暫しぎゅっとしがみついていたゆきが、顔を上げる。






眩しい程きらきらと眼を輝かせて。




「兄上、お誕生日おめでとう!!」





聞き慣れない言葉を口にしたのだ。
















「ゆきさんの世界では、生まれた日を祝う習慣があるんですよ」

「そうなのか?変わった習慣だな」


夕食までの待ち時間。
弁慶と景時、そして九郎が板間に座り話をしていた。

「残念ながら僕は、君の誕生日を祝う準備に付き合っただけなんですよ。
まぁ、九郎のあんな表情を拝めたし、楽しく過ごせましたが」


クスクス笑う弁慶を睨むけれど、九郎の眼に鋭さはなかった。

ゆきはここ何日も、準備に頭を悩ませていたらしい。
そう聞けば、しぜん頬も緩んでしまう。


「九郎が大好きな食材を手作りするんだと、張り切っていました」

「結局、ゆきちゃんが一番大好きなのは九郎なんだね〜」


いつの間にか空に浮かんだ一番星を見上げながら、景時は「内緒だけどさ、九郎を呼びだしたのもゆきちゃんに頼まれたからなんだ」と九郎に言った。


(そうだったのか)


心の底から安堵して、九郎も星を見上げた。
















「‥‥‥‥‥‥‥‥‥で?」

「で?とは?」

「これは、何だ?」




九郎は恐る恐る『それ』を指さした。




「‥‥‥‥‥‥な、なかなか個性的な料理だね〜」

「でしょっ!?兄上の為に本当に考えたんだよ!!」

「わ、私は止めたのよ。
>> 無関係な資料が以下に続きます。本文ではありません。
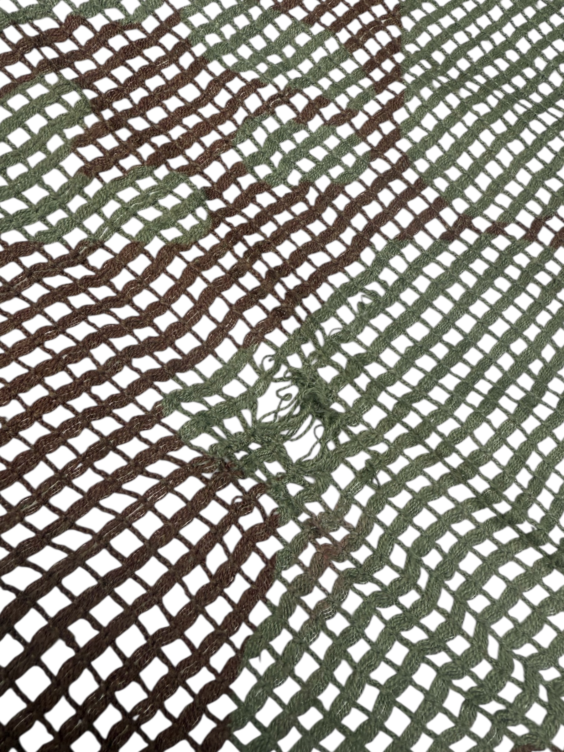 Engelse WO2 camouflage sjaal/scarf in nette staat. Deze werd meestal gedragen als gewone sjaal, maar er zijn ook foto’s waarin hij werd gebruikt als camouflage voor sluipschutters of op helmen. De afmetingen zijn ongeveer 176 cm x 72 cm. Alle naden zijn rondom nog zichtbaar, dus dit stuk is niet gesneden of uitgeknipt zoals je vaker ziet.
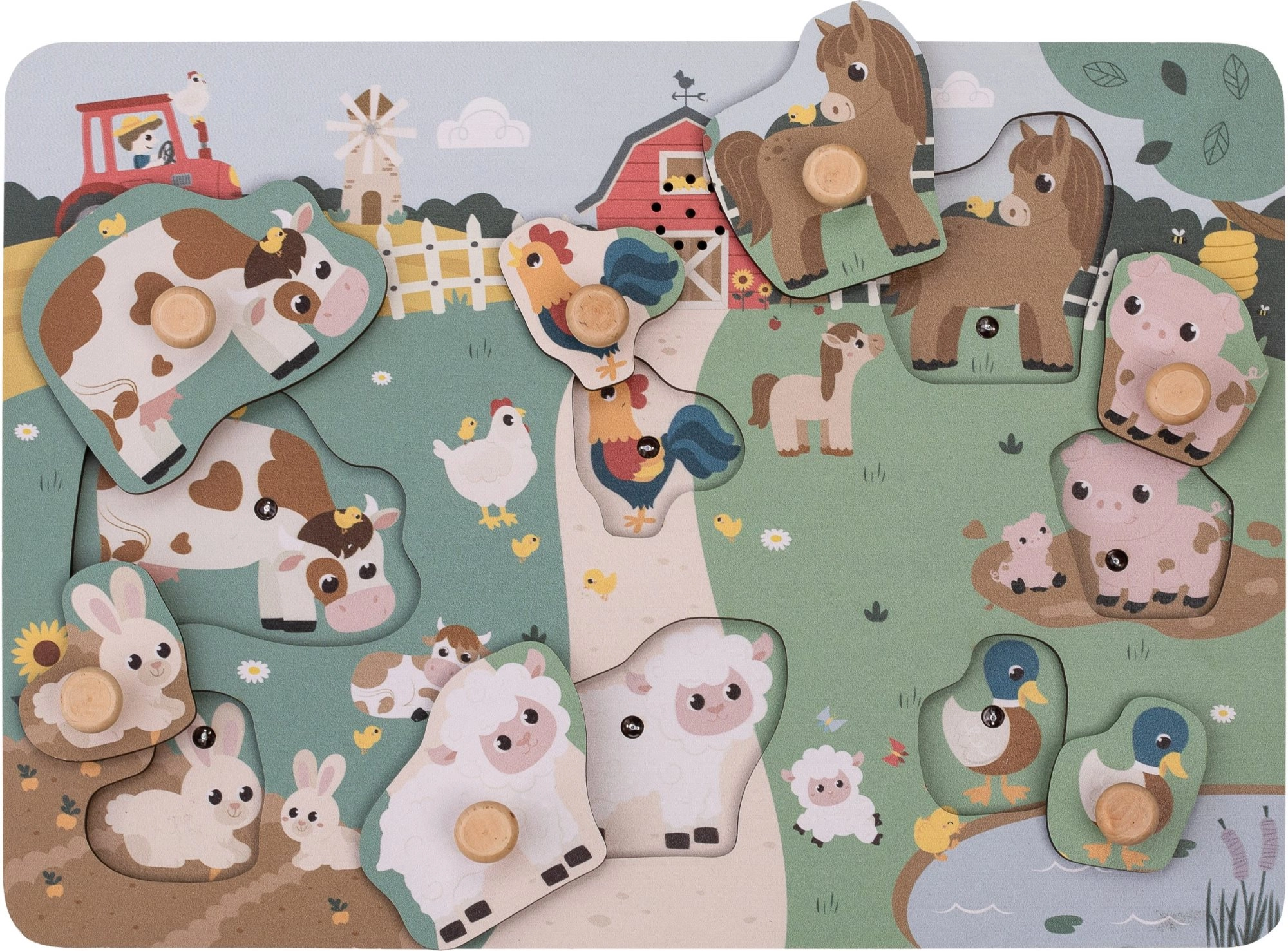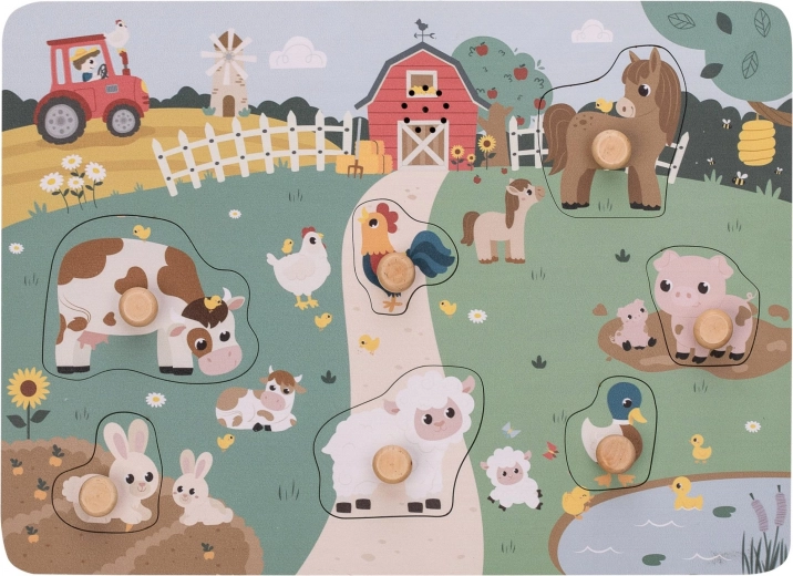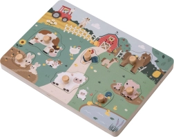 Puzzle de sonido de madera con motivo de animales de la granja que, al colocarlos, emiten sus sonidos característicos. Diversión perfecta para niños que desarrolla su imaginación y habilidades motoras.
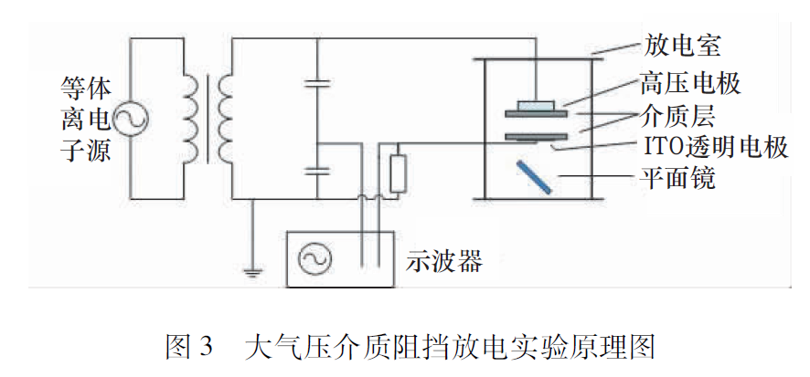 我們這里研究的大氣壓介質(zhì)阻擋放電和剛才講的非線性動力學(xué)到底有什么關(guān)系呢?圖3是華南理工大學(xué)的放電實驗原理圖。從電路的角度來看,這個實驗系統(tǒng)有一個交流電源,這個電源連接到放電室中,放電室里有電極和阻擋介質(zhì),在實驗中我們可以直接測量電源電壓和放電電流。
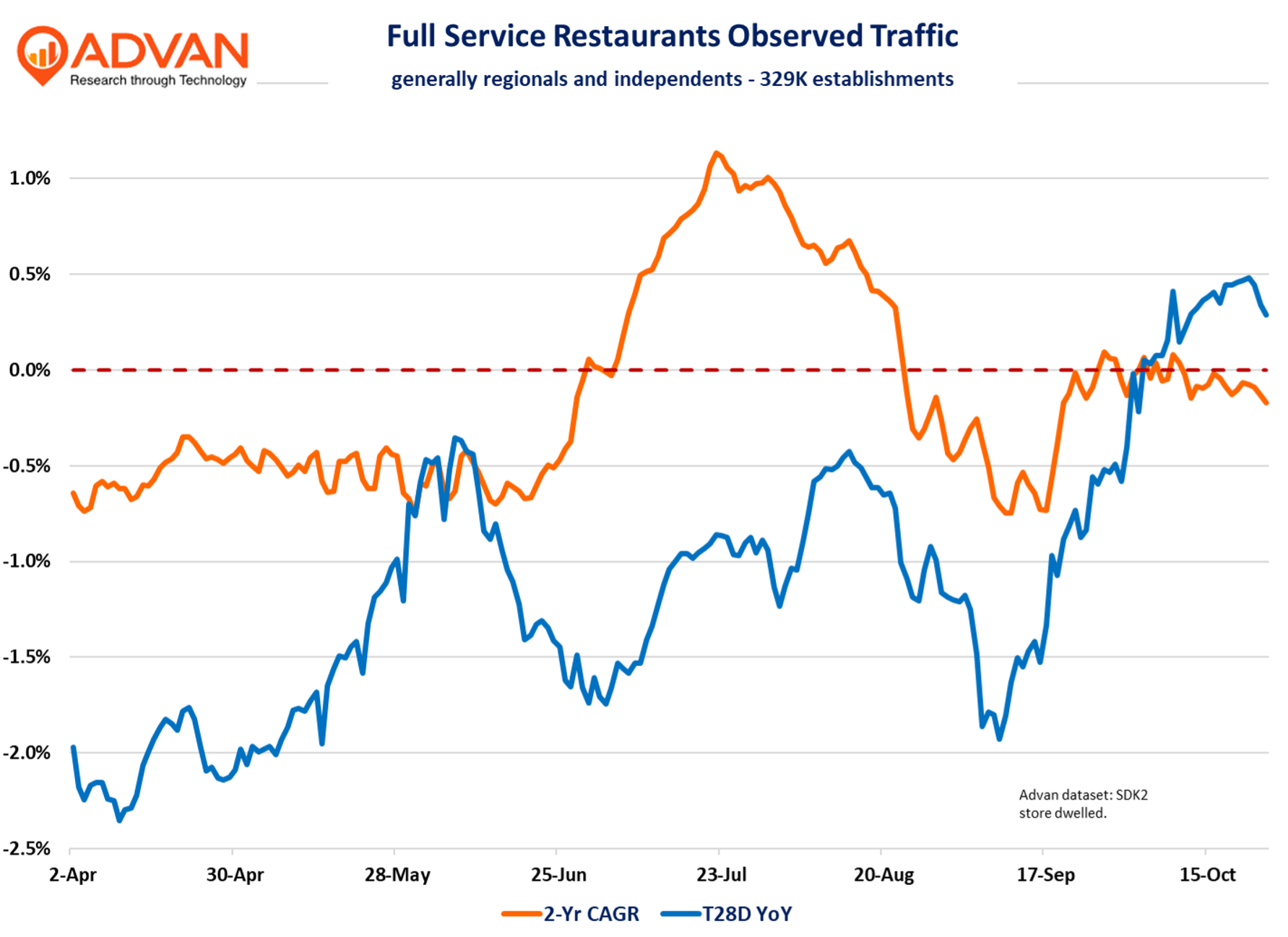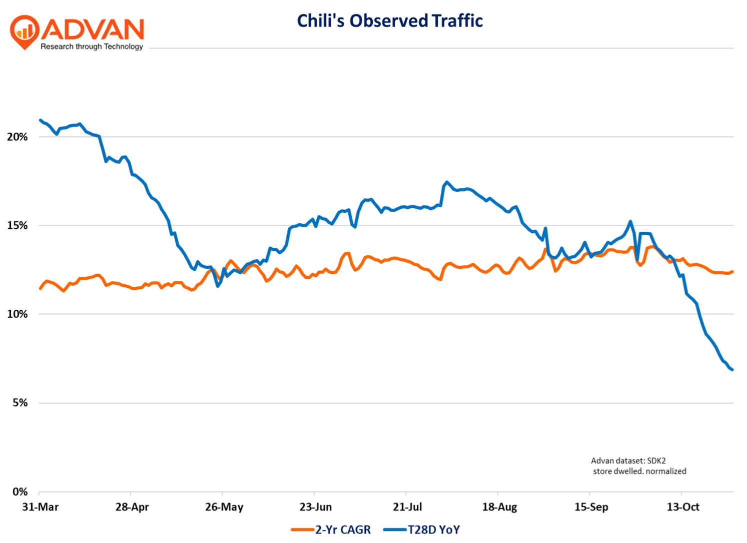 Chili’s outstanding market share gains continues with FQ1 comp-traffic gaining +13% which drove a similar gain QoQ in the 3-year comp CAGR (+4.2%). (Brinker’s fiscal quarter ended September 24th.) Price and mix each added 4 pts, taking the comp-sales increase to 21.4%. As a reminder, industry sales growth is only +4% range*, and so, Chili’s is 5X that. FQ1’s strong comps also drove robust increases in margins and earnings, with Chili’s restaurant operating margin hitting 17.3%. Observed traffic (Advan) shows a similar cadence on a 2-year CAGR basis, against last year’s atypical period in September and October (hurricane). That 2-year consistency supports CEO Kevin Hochman’s noted confidence in the press release, “Our consistent investments in food, service, and atmosphere, combined with strong plans, give us confidence we can build on this growth and successfully lap the high sales comparisons in FQ2 & FQ3.” (These periods had comp-sales increases just above 31%; yes, incredible gains.) CFO Mika Ware, “ Chili’s [October comp] sales are in the high single digits, and our expectations are Chili’s same-store sales will normalize on average in the mid-single-digit range for the balance of the fiscal year.” Adding contributions from price and mix to the traffic shown below, gets one to the high single digits, if not above.
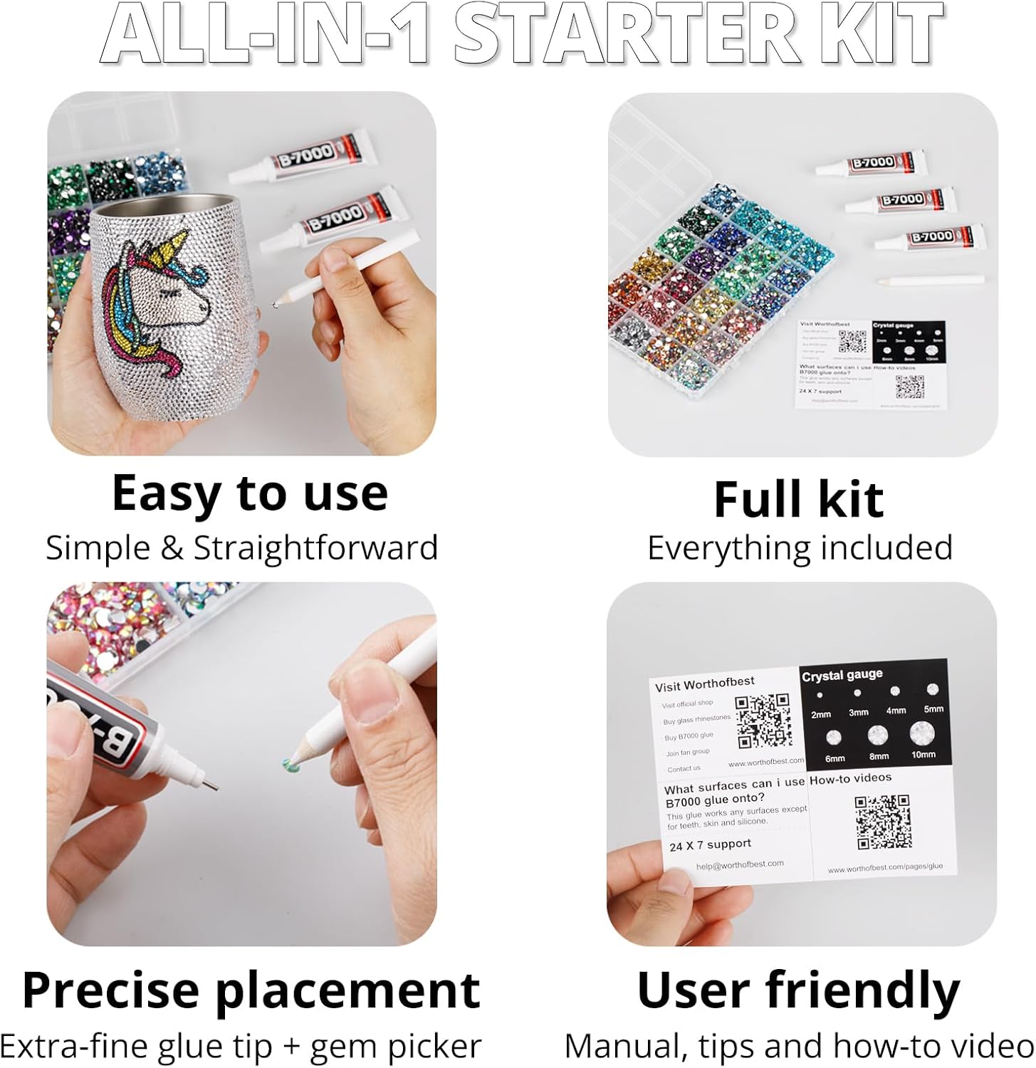 - Easy to Use -- This kit is designed to be straightforward, and versatile for various crafting projects. The manual is user-friendly and beneficial for both novice and experienced crafters. The complete and durable tools are suitable for precisely applying rhinestones to create intricate designs, with no additional tools required. Rhinestones are easy to apply and remove. The sturdy container with 24 grids keeps all rhinestones organized by size and color, making them easy to store and access

いくら九郎殿の好物でも、これは‥‥‥」


引きつりながら何とか褒めようとする景時。

すっかり絶賛されたと思い込み胸を張る、普段は料理が得意なゆき。

申し訳なさそうに、ゆきの暴走を止め切れなかったと、態度で謝る朔。









「で、これは‥‥‥」

「兄上お誕生日記念の特別料理!柿の煮物だよっ!!」

「‥‥‥‥‥‥」

「‥‥‥‥‥‥」






‥‥‥‥‥‥恐らく自分の好きな柿を料理すれば喜ぶと思ったのだろうか。


九郎は目眩がした。


「ゆきさん、素晴らしい出来上がりですね」

「本当っ!?弁慶さんが教えてくれたからですよ」

「べっ、弁慶お前っ!?」

「‥‥‥何か?」

「い、いや‥‥‥」


驚く九郎の眼前で、微笑む弁慶の背後に‥‥‥黒い念が見えた、気がした。

どうしてだろう。
祝いだと言われながら、拷問を受けている気がするのは。



「ね、兄上?」

「なっなんだ?」


呼ばれて顔を上げれば、悲しそうなゆき。

今にも泣き出しそうに、眼を潤ませている。


(うっ‥‥‥)


「兄上‥‥‥食べてくれないの‥‥‥?」

「た、たたた食べるぞ!!」

「??どうしたの?」

「感動しているんでしょう。ねぇ九郎?」

「そ、そそそそうだ!そうだとも!!」

「良かったあ!!」


そして九郎はにこにこと素直に笑うゆきに「はい、あ〜ん」と食べさせて貰った。


にこにこと黒く笑う弁慶と、憐れみの視線を投げ掛ける梶原兄妹の前。


不覚にも涙ぐんでしまったのは、珍味のなせる技か感動からか。

答えは本人のみぞ知る。























その後、息も絶え絶えな九郎に


「お誕生日おめでとう!!
兄上がずっと健やかにいられますように」


正面から抱き付いたゆきは、頬に口接けを落とした。



‥‥‥幸せであるように。
祈りを、こめて。


















‥‥‥一瞬だけ沸き上がった想い。
気付かない事にした。







星の明かりが眩い、九郎が生まれた日の、出来事。